» EXERCISE PROMPT: From the first line of the entries below through the line bearing "PACKAGE:The package includes", write out each line exactly. Omit pictures.

Stored data
______________________________
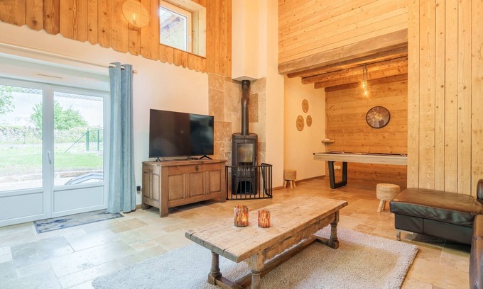 - A 100 m² living room with TV, fireplace (wood not provided), sofa, pool table that converts into a ping pong table, and dining area
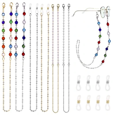 PACKAGE:The package includes 6 pieces glasses necklace chains in 6 different patterns with 6 pairs anti-skid ear hooks and anti-skid buckles, easy to attach to your glasses. MATERIAL: Lanyard eyewear straps are made of premium jewelry meterial, sturdy with elegant design, fashionable and stylish,lightweight for longtime wear. ITEM SIZE: Glasses necklace chains are approx. 37.5 cm/ 14.7 inches in length, long enough for you to wear the eyeglasses on your neck, can protect glasses from lenses scratches. DESIGN: Crystals sunglasses chains both ends have adjustable holder loops with metal coil, adjust the metal rings to control the tightness of the silicone loops according to your glasses. APPLICATION: Spectacle eyeglass chains are suitable for sunglasses,myopia,reading glasses,spectacles,and other types of glasses,nice for both outdoor ans indoor activities.
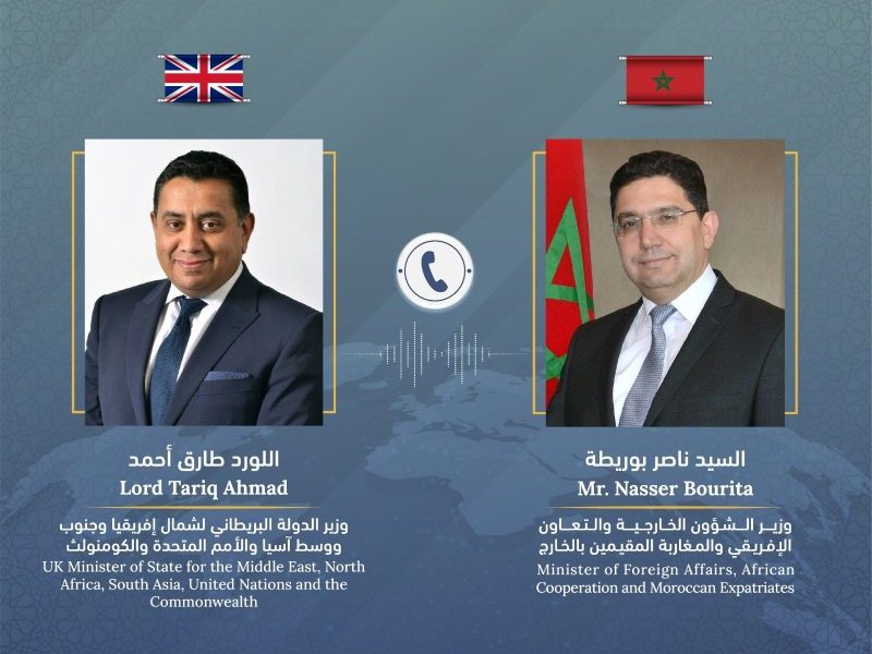 Le ministre des Affaires étrangères, de la coopération africaine et des Marocains résidant à l'étranger a eu, le vendredi 17 février, un entretien téléphonique avec Lord Ahmad Tariq, ministre d’État britannique aux Affaires étrangères pour l’Asie du Sud et du Centre, l’Afrique du Nord, l’ONU et le Commonwealth.
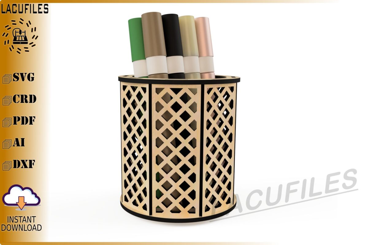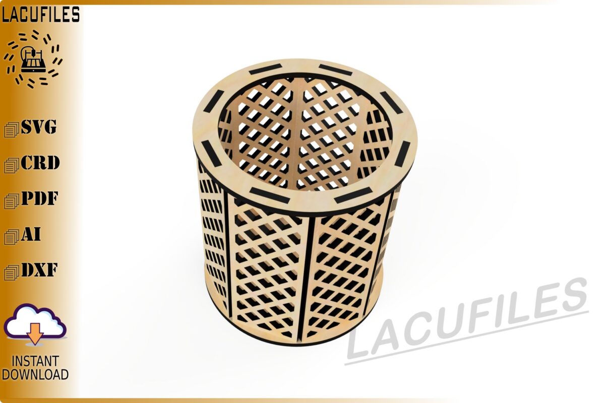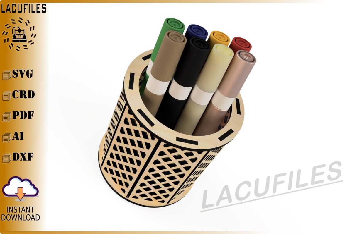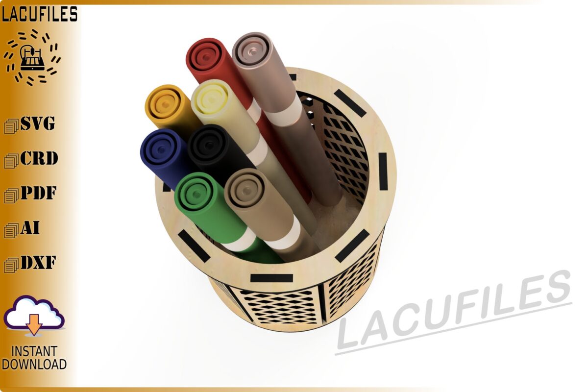 🌟 Organiza tu espacio con estilo gracias a nuestro portalápices de reja diseñado para corte láser CNC. Este elegante organizador es perfecto para mantener en orden tus plumones y lápices, añadiendo un toque decorativo a tu escritorio.
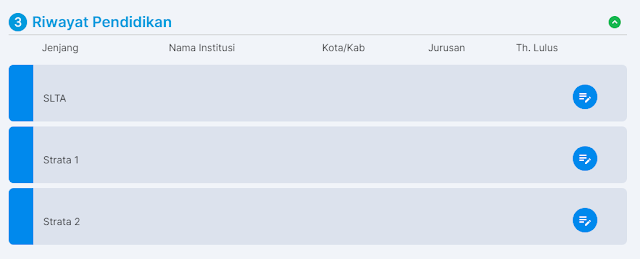 - Negara, Jenjang Pendidikan, Tahun Masuk, Nomor Ijazah dan Biaya Pendidikan cukup jelas.
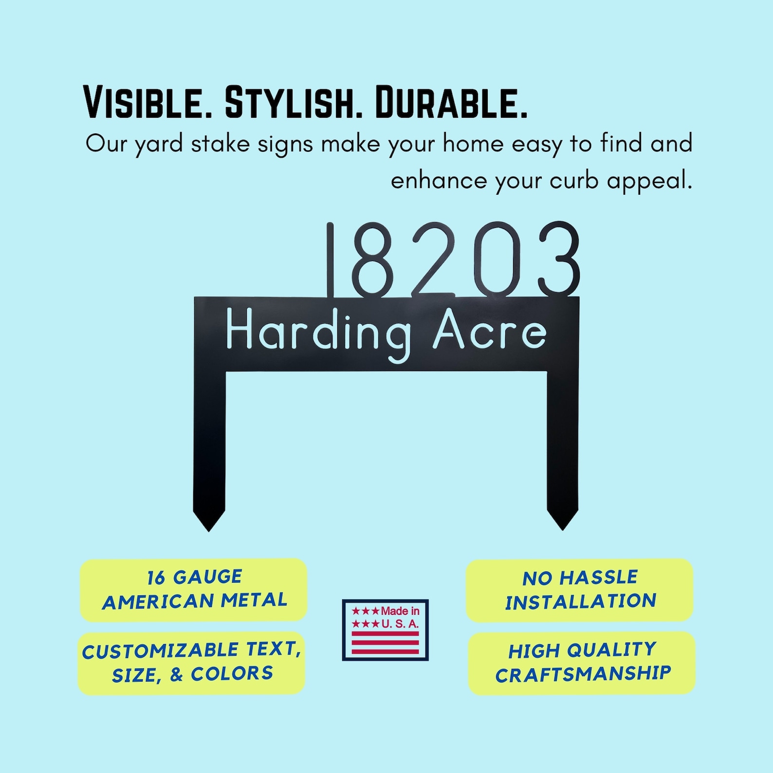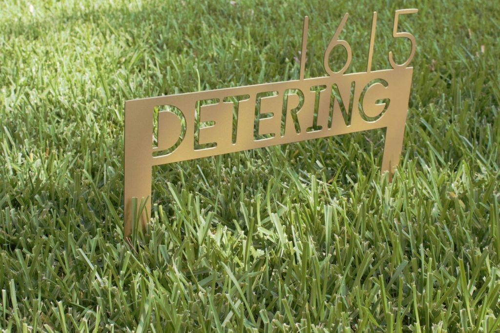 This custom lawn address sign is made out of high quality 16 gauge, locally sourced metal, and comes with integrated stakes for easy insertion in your yard!
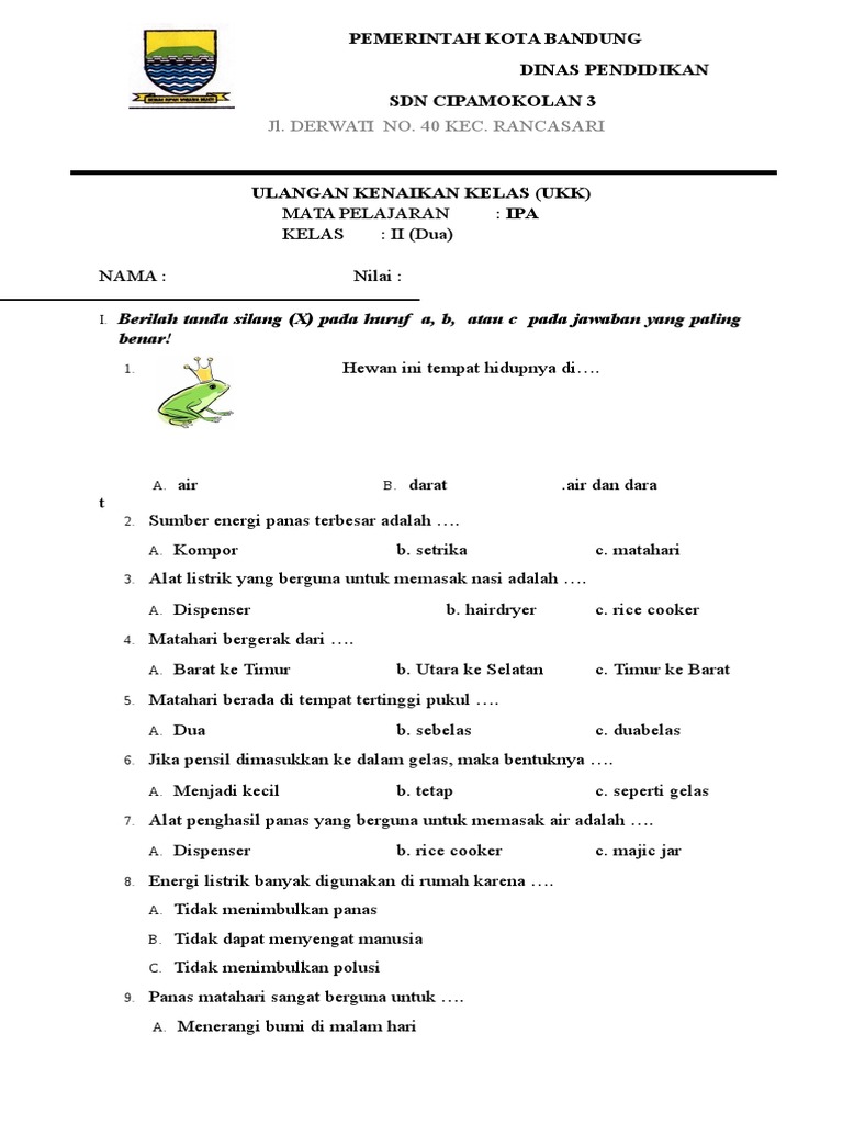 Contoh Soal Ukk Ipa Kelas 1 Sd Semester 2 Terbaru 2018 Tarbiyatul
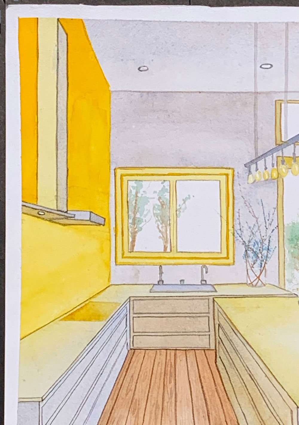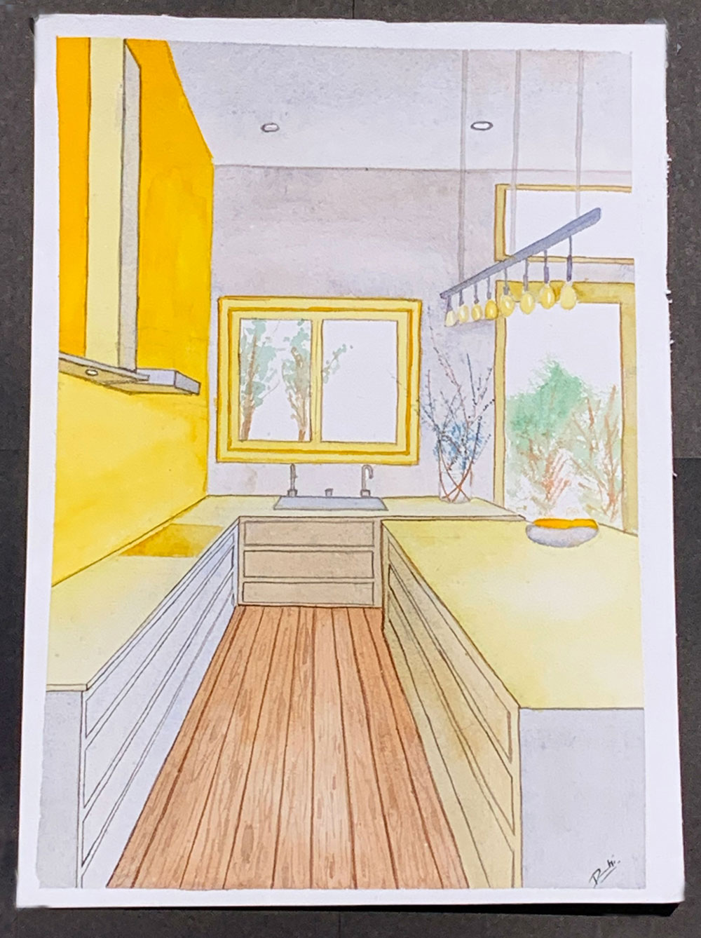 This design of kitchen interior was some what inspired by a painting I came across online. I have made changes in the color scheme and have used one point perspective to show the depth. Working with   watercolors can be tricky sometimes but I try to make it look as realistic as possible.
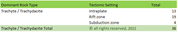 Trachyte / Trachydacite volcanoes occur in mainly intraplate or rift zones. Well-known examples include Campi Flegrei in Italy and Rungwe in Tanzania.
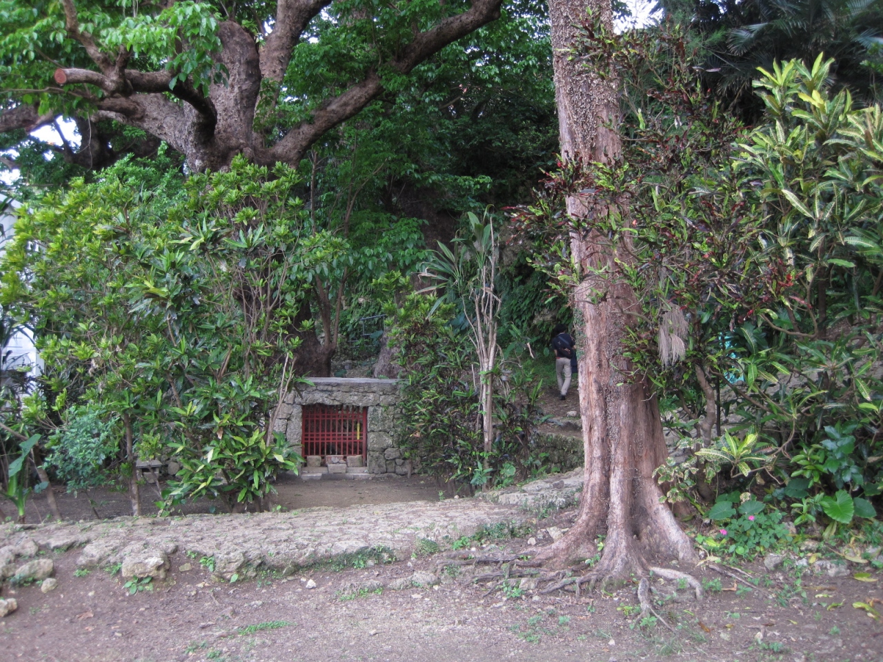 「琉球国由来記やその他の史書によると、340余年前豊かな森だったこのあたりで、村人が通る度に霊気を感じるので、これはただごとではないと時の王府に願い出て拝所を置き、神々と王府との交流の場となる。王府解体後は個人信仰にゆだねられています。」
______________________________
» ANSWER AREA:
 - A 100 m² living room with TV, fireplace (wood not provided), sofa, pool table that converts into a ping pong table, and dining area
 PACKAGE:The package includes 6 pieces glasses necklace chains in 6 different patterns with 6 pairs anti-skid ear hooks and anti-skid buckles, easy to attach to your glasses. MATERIAL: Lanyard eyewear straps are made of premium jewelry meterial, sturdy with elegant design, fashionable and stylish,lightweight for longtime wear. ITEM SIZE: Glasses necklace chains are approx. 37.5 cm/ 14.7 inches in length, long enough for you to wear the eyeglasses on your neck, can protect glasses from lenses scratches. DESIGN: Crystals sunglasses chains both ends have adjustable holder loops with metal coil, adjust the metal rings to control the tightness of the silicone loops according to your glasses. APPLICATION: Spectacle eyeglass chains are suitable for sunglasses,myopia,reading glasses,spectacles,and other types of glasses,nice for both outdoor ans indoor activities.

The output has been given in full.